Inference the model:

.. tabs::

  .. code-tab:: python Xinference Python Client

    import requests
    from PIL import Image
    import io
    import base64
    from xinference.client import Client

    client = Client("http://<XINFERENCE_HOST>:<XINFERENCE_PORT>")
    model = client.get_model("yolo11s")

    url = "https://ultralytics.com/images/bus.jpg"

    response = requests.get(url)
    response.raise_for_status()

    img = Image.open(io.BytesIO(response.content))

    buffered = io.BytesIO()
    img.save(buffered, format="JPEG")
    img_bytes = buffered.getvalue()
    img_base64 = base64.b64encode(img_bytes).decode('utf-8')

    model.infer(source=img_base64)

  .. code-tab:: json output

    [[{'name': 'bus',
       'class': 5,
       'confidence': 0.93653,
       'box': {'x1': 13.9521, 'y1': 227.0665, 'x2': 800.17688, 'y2': 739.13965}},
      {'name': 'person',
       'class': 0,
       'confidence': 0.89741,
       'box': {'x1': 669.89709,
        'y1': 389.82065,
        'x2': 809.58966,
        'y2': 879.65491}},
      {'name': 'person',
       'class': 0,
       'confidence': 0.88205,
       'box': {'x1': 52.37262, 'y1': 397.83792, 'x2': 248.506, 'y2': 905.98212}},
      {'name': 'person',
       'class': 0,
       'confidence': 0.8706,
       'box': {'x1': 222.58685,
        'y1': 405.93442,
        'x2': 345.02032,
        'y2': 859.52789}},
      {'name': 'person',
       'class': 0,
       'confidence': 0.66505,
       'box': {'x1': 0.28522, 'y1': 548.60931, 'x2': 81.25904, 'y2': 871.59076}}]]

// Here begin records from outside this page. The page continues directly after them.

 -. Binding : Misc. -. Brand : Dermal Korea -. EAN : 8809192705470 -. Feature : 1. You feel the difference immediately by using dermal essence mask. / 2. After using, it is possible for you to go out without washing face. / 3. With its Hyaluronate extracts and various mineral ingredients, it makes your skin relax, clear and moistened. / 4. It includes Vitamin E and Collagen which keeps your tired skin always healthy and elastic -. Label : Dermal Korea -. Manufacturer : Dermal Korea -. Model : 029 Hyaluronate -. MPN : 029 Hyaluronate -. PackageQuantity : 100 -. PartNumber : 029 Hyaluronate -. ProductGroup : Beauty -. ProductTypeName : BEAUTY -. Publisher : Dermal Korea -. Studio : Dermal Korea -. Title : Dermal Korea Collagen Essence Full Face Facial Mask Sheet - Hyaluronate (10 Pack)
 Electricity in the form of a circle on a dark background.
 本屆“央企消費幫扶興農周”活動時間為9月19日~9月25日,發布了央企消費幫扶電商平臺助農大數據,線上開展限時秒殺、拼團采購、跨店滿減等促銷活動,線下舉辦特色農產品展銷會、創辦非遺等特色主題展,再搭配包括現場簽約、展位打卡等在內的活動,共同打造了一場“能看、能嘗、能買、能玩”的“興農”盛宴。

Writing a Custom Flexible Model
==================================

First, we implement a custom launcher with a simple model for sentiment scoring.
In this example, we do not use any actual model weights, so the ``load`` function does not perform any model loading.

.. code-block:: python

    # my_flexible_model.py

    from xinference.model.flexible import FlexibleModel


    class RuleBasedSentimentModel(FlexibleModel):
        def load(self):
            self.pos_words = self.config.get("pos", ["good", "happy", "great"])
            self.neg_words = self.config.get("neg", ["bad", "sad", "terrible"])

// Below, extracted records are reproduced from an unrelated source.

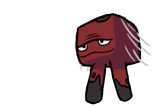 An animated Minecraft Strider, a red block-like creature with black legs and white hair, walks with a melancholic or indifferent expression.
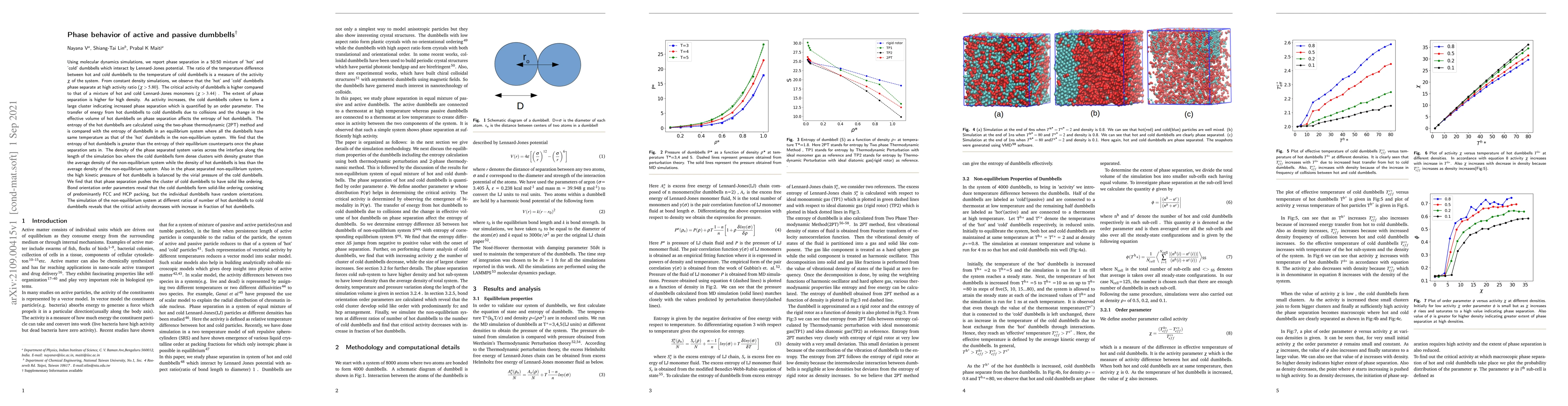 This study uses molecular dynamics simulations to investigate phase separation in a mixture of active (hot) and passive (cold) dumbbells, finding that phase separation occurs at high activity ratios ($\chi > 5.80$). The critical activity for dumbbells is higher than for monomers, and the extent of phase separation is greater at higher densities.
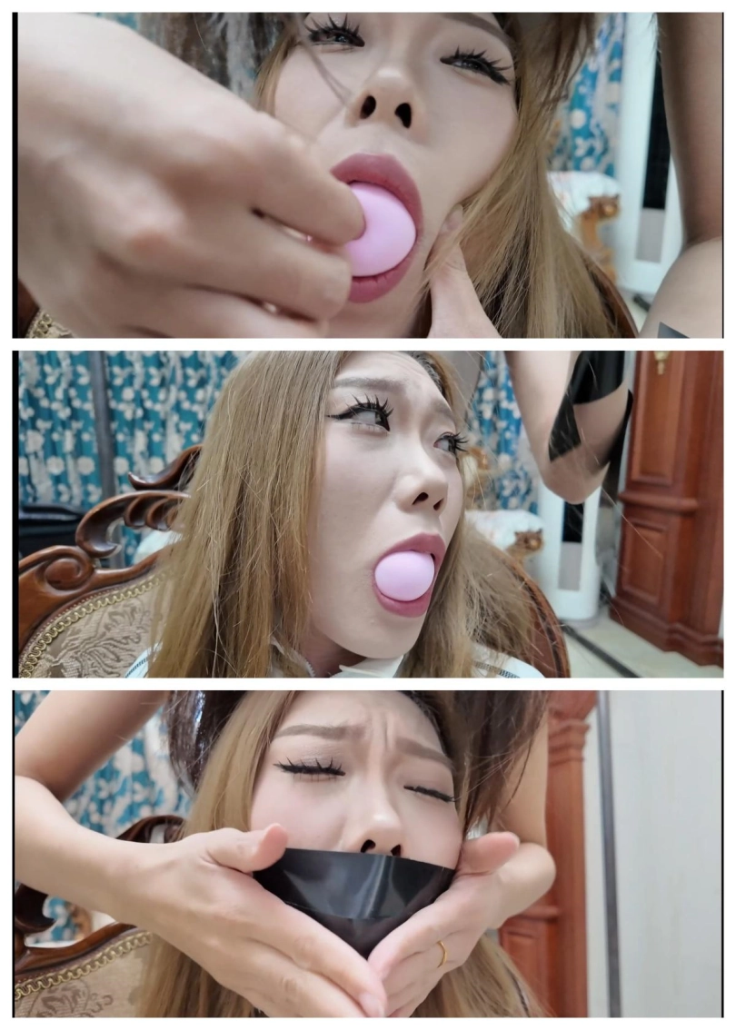 镜头一转,来到了坏蛋的巢穴,此时柠琪将芷溪押着走进房间,可就在过道都可以听到雨诺呜呜呜呜的声音(此时的雨诺正被驷马倒攒蹄捆绑在椅子上被坏蛋挠痒痒难受得很),救人心切的柠琪推着芷溪说到:赶紧走了,别让我队友受苦!芷溪走得踉跄发出呜呜呜的抱怨!就这样二人来到关押雨诺的房间,看到柠琪绑着芷溪进来,两坏蛋一下子就停下玩弄雨诺,对着柠琪说到:你还真敢来呀?柠琪说到:少废话,快放了我队友!眼镜坏蛋说到:慢着,你说绑来就绑来呀?我怎么确定是不是那个小贱人的女儿?给我们验验货!口罩坏蛋说到:让她跪下,口罩摘了,眼镜取了,我们验验货!为了队友,柠琪只好命令芷溪跪下,然后摘了她的眼镜,摘了她的口罩!让口罩坏蛋近距离的欣赏芷溪的脸,口罩坏蛋看了看芷溪的脸还摸了摸后,对眼镜坏蛋说到:这还真是那个小贱人的女儿!眼镜坏蛋听后,上来亲自查验,也确认是芷溪后满意点头!随后柠琪说到:人给你们绑来,人你们也验了,快放了我队友!眼镜坏蛋露出坏笑说到:既然来了,就不要走了嘛!兄弟把她拿下!接着二人一拥而上,柠琪转身推门想跑,可已经来不及了,被二坏蛋摁倒在地上,随后二人拿来绳子,欲将柠琪捆绑起来,柠琪已被压制了无力反抗,只能被二坏蛋捆绑!镜头一转,柠琪和雨诺被五花大绑蟹缚捆绑在椅子上,然后眼镜坏蛋拿出一块厚厚的毛巾,用手将柠琪嘴巴捏开,随后将厚白毛巾塞入了柠琪嘴巴里,接着用五张黑色胶带粘住了柠琪的嘴巴,剥夺了她说话叫喊的权力,柠琪只得呜呜呜在椅子上挣扎!捆绑堵嘴完两个女保镖后,二坏蛋又将一肚子坏水对准了芷溪,二人撕开了芷溪嘴巴上的胶带,然后取出了塞着她嘴巴的化妆棉,可别以为这是坏蛋发发善心想给芷溪舒服,刚解开芷溪的嘴巴,口罩坏蛋就拿来了柠檬和粉色口球,二人合力将柠檬塞入了芷溪嘴巴里,然后用粉色口球堵住了芷溪嘴巴并在脑后系紧,确保芷溪只能边流口水边发出微弱的呜呜呜声!这样,三女都被捆绑结实,堵嘴完毕了,二坏蛋商量着如何玩弄二女,最后决定将芷溪驷马倒攒蹄捆绑在桌子上,然后雨诺绑在眼镜坏蛋旁边,柠琪绑在口罩坏蛋旁边,二坏蛋在芷溪身上玩“抽王八”的游戏,边“抽王八”边挠芷溪的脚心,腰,脖子等痒痒部位!然后谁赢了谁就可以惩罚输家旁边的女保镖!
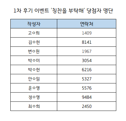 22년 1차 후기 이벤트 '칭찬을 부탁해' 당첨자 명단
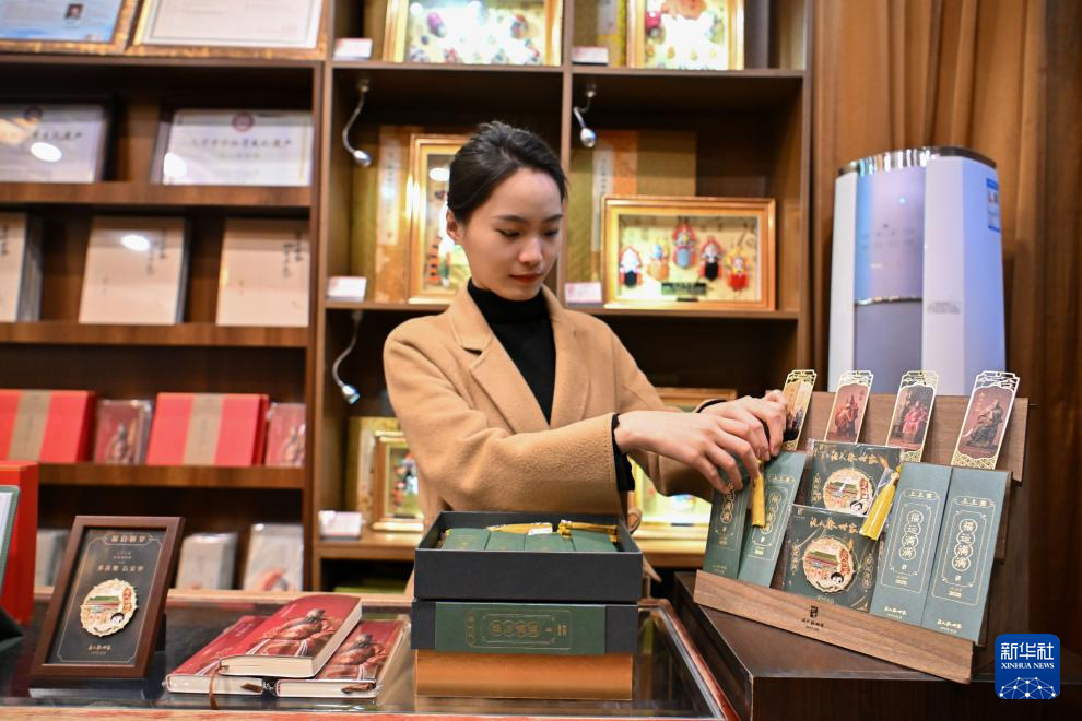 在天津古文化街泥人張世家,銷售人員在擺放文創產品(1月20日攝)。

        def infer(self, text: str):
            score = 0
            words = text.lower().split()
            for w in words:
                if w in self.pos_words:
                    score += 1
                elif w in self.neg_words:
                    score -= 1
            return {"score": score}


    def launcher(model_uid: str, model_spec: FlexibleModel, **kwargs) -> FlexibleModel:
        # get model path,
        # in this example, we do not use it, so it's empty
        model_path = model_spec.model_uri
        return RuleBasedSentimentModel(model_uid=model_uid, model_path=model_path, config=kwargs)

The model JSON definition is as follows:

.. code-block:: json

    {
        "model_name": "my-flexible-model",
        "model_id": null,
        "model_revision": null,
        "model_hub": "huggingface",
        "model_description": "This is a model description.",
        "model_uri": "/path/to/model",
        "launcher": "my_flexible_model.launcher",
        "launcher_args": "{\"pos\": [\"good\", \"happy\", \"great\", \"nice\"]}",
        "virtualenv": {
            "packages": [],
            "inherit_pip_config": true,
            "index_url": null,
            "extra_index_url": null,
            "find_links": null,
            "trusted_host": null,
            "no_build_isolation": null
        },
        "is_builtin": false
    }

Here, we extend the model by passing in a custom-defined ``pos`` value.

Finally, let's verify the result:

.. tabs::

  .. code-tab:: python Xinference Python Client

    from xinference.client import Client

    client = Client("http://127.0.0.1:9997")

    model = client.get_model("my-flexible-model")

    model.infer("I feel nice and am happy today")

  .. code-tab:: json output

    {'score': 2}

Conclusion
==================

The built-in Flexible Model launchers in Xinference can be found at
`Github <https://github.com/xorbitsai/inference/tree/main/xinference/model/flexible/launchers>`_.
Contributions are welcome to support more traditional machine learning models!